Saturday, September 17, 2016
I just love this squishy little guy. I admit, I had a hard time during my pregnancy with the idea that I was having another child. I love my children and I knew I would love this baby too, but I really didn't want any more kids because I was already feeling quite overwhelmed with the six I had plus my sixth is a major handful and there are many, many days that I wish I could put her in a strait jacket.
But this chunk of chubbiness has absolutely stolen my heart (for the seventh time). He is just such a sweet baby. He's happy almost all the time and so fascinated by the world around him. He loves his Spider-man and several other toys to the point that when we show him the toy, he gets excited and laughs and waves his hands around. I absolutely love listening to the older kids making him laugh--it has to be one of my most favorite sounds in the world.
With this baby, I have done a lot of thinking. It seems these days that hardly a day goes by without some news story popping up on my social media feed about some parent or step-parent or boyfriend of a mom abusing some baby or toddler. These stories break my heart and make me feel both sad and angry at the same time.
There are times when my little one won't stop crying and fussing. He's sick or tired or hungry or bored or all of the above. He wants my undivided attention, which is often hard to give him with all the chaos in our house. There are times that his cries are maddening to listen to, but then when I pick him up to see what he might need, he instantly calms. His chubby little hands grip my arm or my neck or my face and he pulls me close and gives me a slobbery tongue kiss (yes, that's what I call it because he sticks his tongue out, but I'm pretty certain he's trying to kiss us).
He relies on us for EVERYTHING. These little ones come to us not even able to hold up their own heads or control their own bodies.
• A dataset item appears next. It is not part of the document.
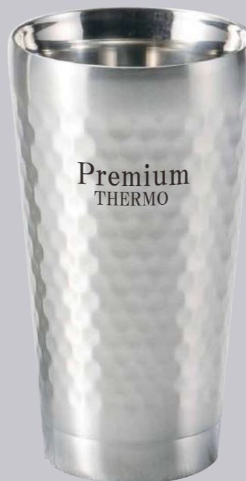
タンブラー 名入れイメージ

Unlike other animals in the animal kingdom, human babies are completely reliant on their parents to take care of them. They have to be held, fed, and changed. They have to have social interaction to learn social cues and develop an understanding of human emotions and behavior. Other animals can find their own food, walk on their own, and aren't as reliant on the parent for as long when they are babies. But human babies take a year or more to learn to walk, months to hold up their heads, roll around, scoot and crawl. Even grasping small items takes months and feeding themselves can take more than a year, sometimes two.
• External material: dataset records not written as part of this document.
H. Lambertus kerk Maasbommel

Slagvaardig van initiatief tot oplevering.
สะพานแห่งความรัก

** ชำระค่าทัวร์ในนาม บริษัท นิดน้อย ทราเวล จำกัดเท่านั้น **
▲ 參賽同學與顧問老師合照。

Why do you suppose that these little humans come to us with such neediness? I have always believed (ever since I took a child development class in college) that human babies come to us this way to force us to love them and care for them and learn to serve them. If they came to us already doing all those things, we could easily let them fend for themselves, but because they rely on us for everything, we are forced to take care of them.
Every time I start to feel annoyed or anxious because I don't know why my baby is fussing, I try to remember that he just needs me. There will be a time he won't need me as much but right now, I can hold him in my rocking chair during the night if he has an upset tummy and let him sleep on my shoulder. I can snuggle with him instead of washing the dishes because he needs me right then. He needs a diaper change, a bottle, or just to be held and played with, so it's my job as his parent to provide that for him. When I chose to have a child, I chose to be his caretaker and provider and make sure that he has what he needs from me. Heavenly Father intended it to be this way. It's all part of His plan.
And who can resist? Look at those chubby cheeks and fat little hands!